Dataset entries
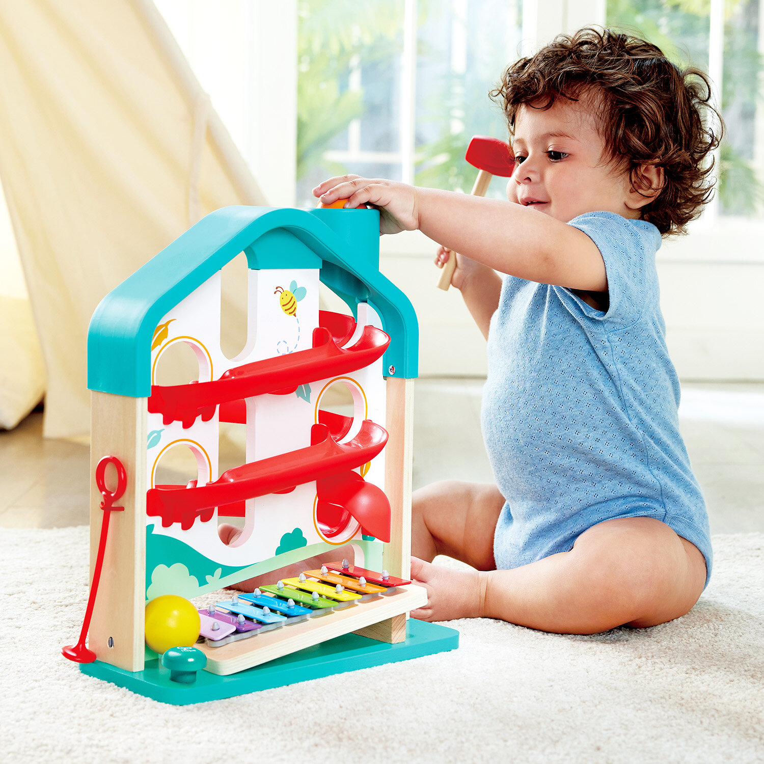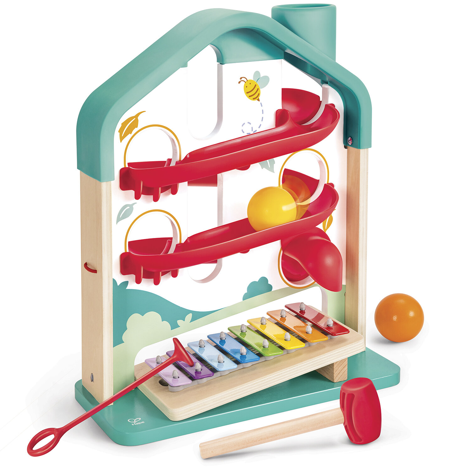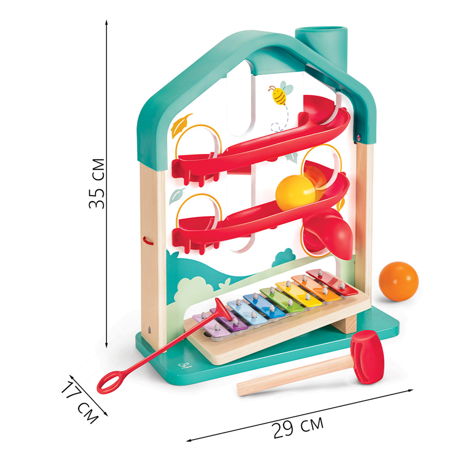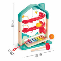 | Комплектация | 1 корпус домика, 1 ксилофон, 2 мяча, 1 молоток, 1 пластиковая палочка. |
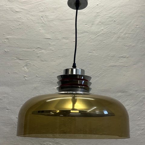 Lampen på billedet er den ikoniske "Here Comes The Sun" pendel, designet af den franske arkitekt Bertrand Balas i 1970.
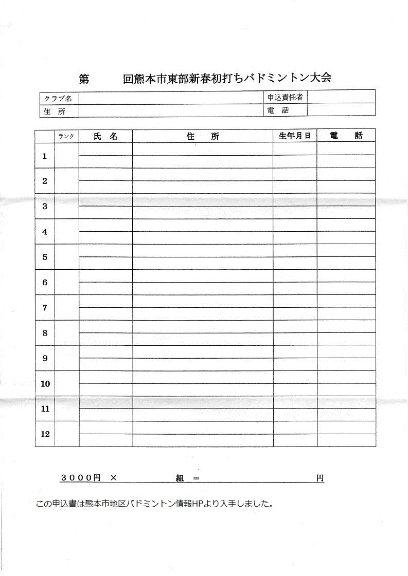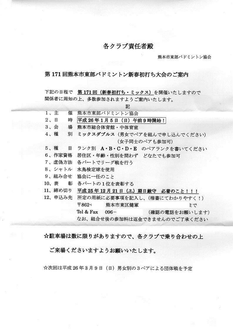 日時:平成26年1月5日(日) 9:00~会場:熊本市総合体育館 中体育室種別:男女ミックスダブルス クラス別種目:A,B.C.D,Eクラス競技方法:リーグ戦参加料:1チーム3000円(福引あり)締切:平成25年12月21日(土)その他:駐車場が少ないので乗り合わせをお願いします。昨年からペアを組んで申し込みに変わっていますのでご注意ください。申し込み先:本HPのトップページの問い合わせボタンより、本HP管理人宛に問い合わせください。折り返し申し込み先を連絡いたします。
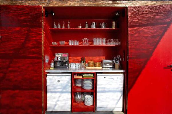 A fully equipped summer kitchen with BBQ, in front of a lawn
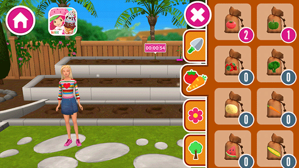 除了基本玩法,游戏还有丰富的美食系统,玩家可以学习制作各种食物,从蔬菜沙拉到披萨应有尽有。此外,还能种植植物获取种子,解锁更多内容。游戏中的角色和场景设计都很有趣,特别是能与芭比和其他角色一起体验日常生活,让人感到放松。
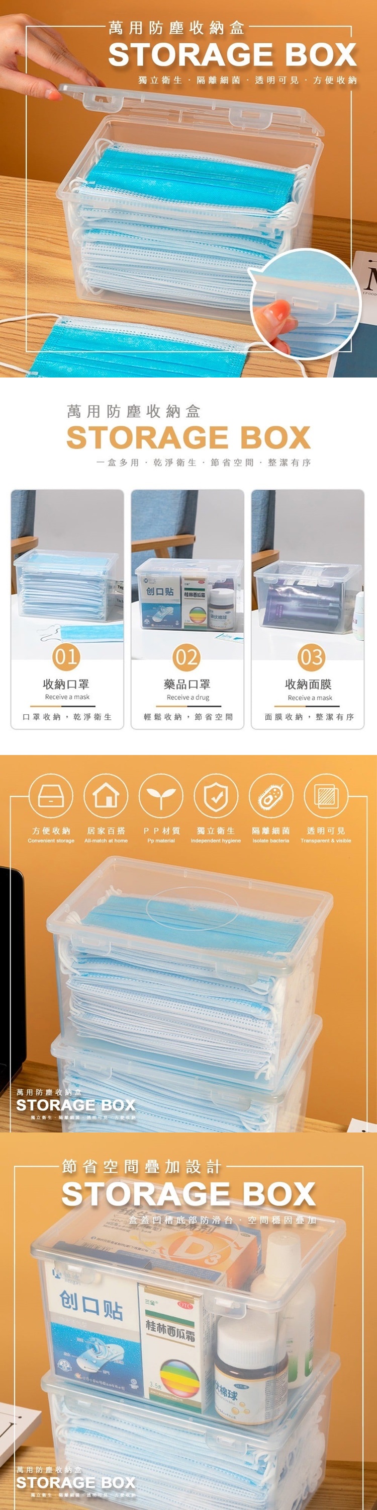不只可收納口罩 也可以當作急救箱,化妝盒,文具盒... 反正放在桌上會凌亂的 通通給它丟進去 防疫期間口罩是否也做好防護 散落在外的口罩還沒戴就沾染灰塵細菌受潮 沒有固定收納位置還會忘記放的位置找不到 使用萬用防塵收納盒 讓還未使用過的口罩維持潔淨 一個可收納到70個口罩左右 獨立衛生 隔離細菌 容量加大 萬用收納 疊放設計 節省空間 透明可見 PP材質 方便收納 居家百搭 材質:PP 功能:防水、防塵 尺寸:長21.3cm 寬14.7cm 高12.7cm
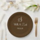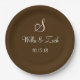 Name Date Monogram Autumn Fall Wedding Brown White Paper Plate

# [Exercise]
Copy out, with no pictures, the lines from the one containing "不只可收納口罩 也可以當作急救箱,化妝盒,文具盒... 反正放在桌上會凌亂的" through the last line of the data above, both ends included and each word unchanged.

# [Answer space]
不只可收納口罩 也可以當作急救箱,化妝盒,文具盒... 反正放在桌上會凌亂的 通通給它丟進去 防疫期間口罩是否也做好防護 散落在外的口罩還沒戴就沾染灰塵細菌受潮 沒有固定收納位置還會忘記放的位置找不到 使用萬用防塵收納盒 讓還未使用過的口罩維持潔淨 一個可收納到70個口罩左右 獨立衛生 隔離細菌 容量加大 萬用收納 疊放設計 節省空間 透明可見 PP材質 方便收納 居家百搭 材質:PP 功能:防水、防塵 尺寸:長21.3cm 寬14.7cm 高12.7cm
 Name Date Monogram Autumn Fall Wedding Brown White Paper Plate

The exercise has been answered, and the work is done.